### DATA RECORDS
*** Block opens ***
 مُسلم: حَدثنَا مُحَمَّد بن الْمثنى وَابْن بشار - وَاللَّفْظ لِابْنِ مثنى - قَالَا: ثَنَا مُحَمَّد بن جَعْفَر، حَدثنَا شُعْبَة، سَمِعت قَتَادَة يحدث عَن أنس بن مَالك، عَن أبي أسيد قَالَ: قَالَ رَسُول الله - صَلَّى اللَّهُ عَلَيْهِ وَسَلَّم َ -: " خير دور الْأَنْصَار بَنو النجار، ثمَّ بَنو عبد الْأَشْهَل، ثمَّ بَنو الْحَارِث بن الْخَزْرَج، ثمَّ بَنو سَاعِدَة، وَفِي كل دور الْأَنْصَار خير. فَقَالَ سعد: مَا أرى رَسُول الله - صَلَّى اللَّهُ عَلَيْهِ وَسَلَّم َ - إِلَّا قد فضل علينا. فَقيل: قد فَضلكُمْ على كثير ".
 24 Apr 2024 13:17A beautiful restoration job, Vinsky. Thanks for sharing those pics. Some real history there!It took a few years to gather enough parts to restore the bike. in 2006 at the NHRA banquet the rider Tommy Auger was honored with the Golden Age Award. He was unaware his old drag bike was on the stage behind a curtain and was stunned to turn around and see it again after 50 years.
*** Block closes ***
*** Block opens ***
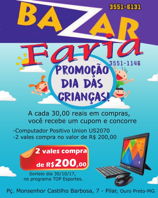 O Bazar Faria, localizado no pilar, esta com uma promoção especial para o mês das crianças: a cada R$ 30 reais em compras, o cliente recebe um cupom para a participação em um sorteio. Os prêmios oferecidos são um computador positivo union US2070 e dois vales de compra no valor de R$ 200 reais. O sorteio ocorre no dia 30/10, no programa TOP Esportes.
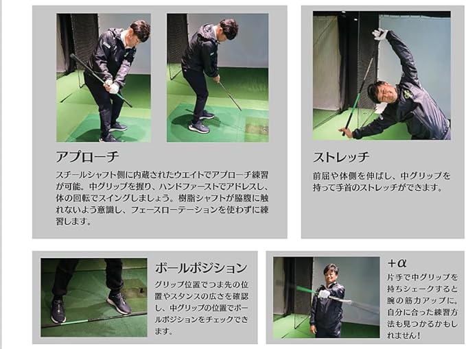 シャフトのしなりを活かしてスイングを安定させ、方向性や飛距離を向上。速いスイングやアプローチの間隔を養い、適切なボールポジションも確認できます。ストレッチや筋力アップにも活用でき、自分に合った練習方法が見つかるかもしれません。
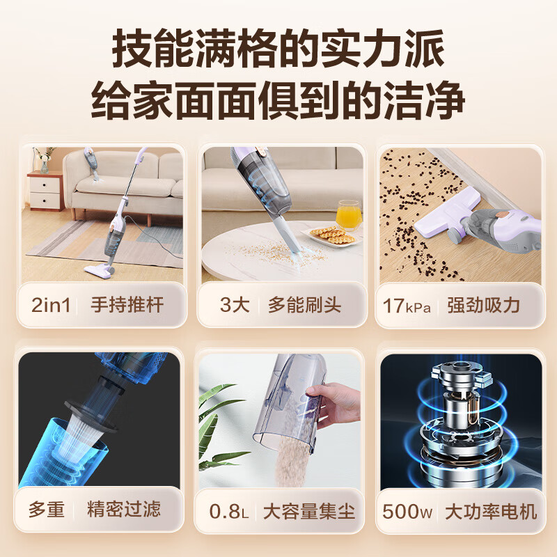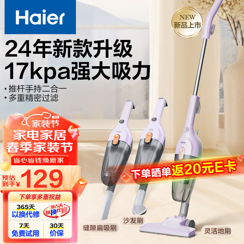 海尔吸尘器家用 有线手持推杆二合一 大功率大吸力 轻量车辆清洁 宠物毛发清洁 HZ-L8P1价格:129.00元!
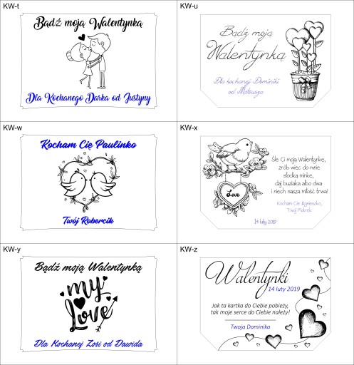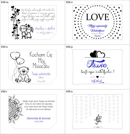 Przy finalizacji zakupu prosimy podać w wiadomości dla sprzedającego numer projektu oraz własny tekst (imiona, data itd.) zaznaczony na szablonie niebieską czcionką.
*** Block closes ***
### TASK OBJECTIVE
In the records above, find the line with "海尔吸尘器家用 有线手持推杆二合一 大功率大吸力" and the line with "Przy finalizacji zakupu"; please transcribe exactly those two lines and all lines between them, omitting any picture.

### OUTPUT BELOW
 海尔吸尘器家用 有线手持推杆二合一 大功率大吸力 轻量车辆清洁 宠物毛发清洁 HZ-L8P1价格:129.00元!
 Przy finalizacji zakupu prosimy podać w wiadomości dla sprzedającego numer projektu oraz własny tekst (imiona, data itd.) zaznaczony na szablonie niebieską czcionką.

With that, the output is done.